WHAT IS NEEDED | When you reach the line that contains "Featuring a pink" in the data below, start reproducing lines exactly, and stop after the line that contains "Elevate your modern".

EXERCISE INPUTS |
-- Opening Marker --

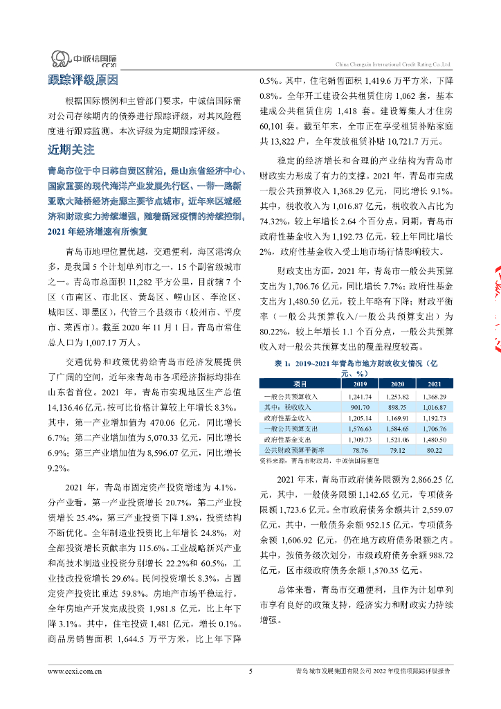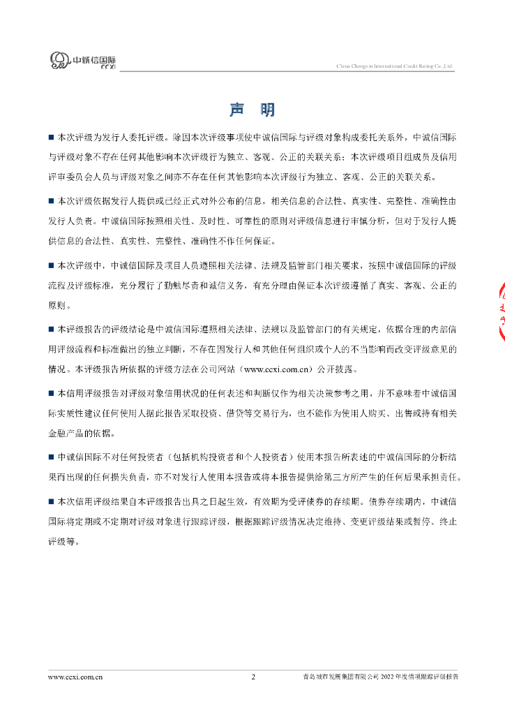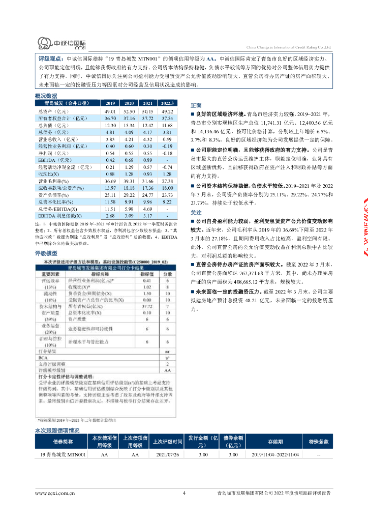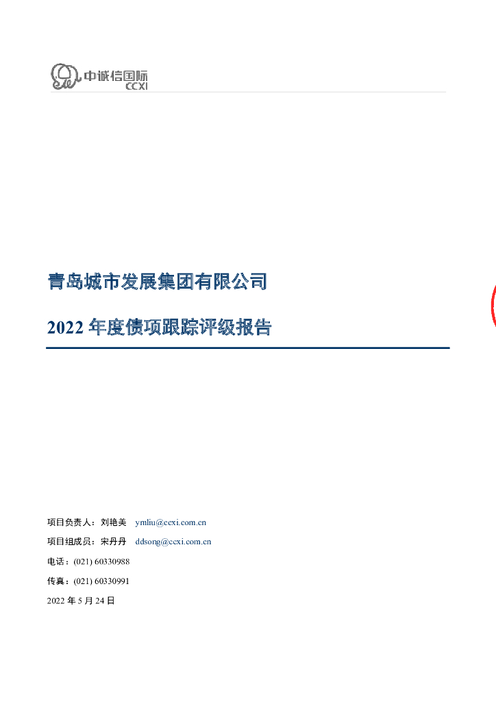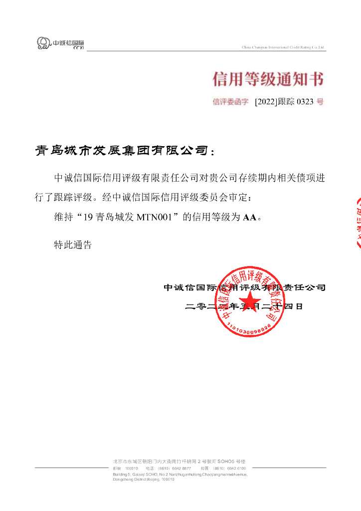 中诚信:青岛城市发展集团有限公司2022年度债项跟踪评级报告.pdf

-- Closing Marker --
-- Opening Marker --

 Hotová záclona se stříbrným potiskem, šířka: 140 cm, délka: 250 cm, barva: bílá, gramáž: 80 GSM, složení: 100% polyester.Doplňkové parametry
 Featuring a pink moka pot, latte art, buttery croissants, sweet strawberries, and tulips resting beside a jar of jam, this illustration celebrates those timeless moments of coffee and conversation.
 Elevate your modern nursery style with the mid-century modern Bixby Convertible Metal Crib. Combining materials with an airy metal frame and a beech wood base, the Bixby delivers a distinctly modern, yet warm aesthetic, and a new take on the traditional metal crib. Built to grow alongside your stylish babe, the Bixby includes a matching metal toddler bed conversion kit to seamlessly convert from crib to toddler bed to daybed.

-- Closing Marker --

REPLY |
 Featuring a pink moka pot, latte art, buttery croissants, sweet strawberries, and tulips resting beside a jar of jam, this illustration celebrates those timeless moments of coffee and conversation.
 Elevate your modern nursery style with the mid-century modern Bixby Convertible Metal Crib. Combining materials with an airy metal frame and a beech wood base, the Bixby delivers a distinctly modern, yet warm aesthetic, and a new take on the traditional metal crib. Built to grow alongside your stylish babe, the Bixby includes a matching metal toddler bed conversion kit to seamlessly convert from crib to toddler bed to daybed.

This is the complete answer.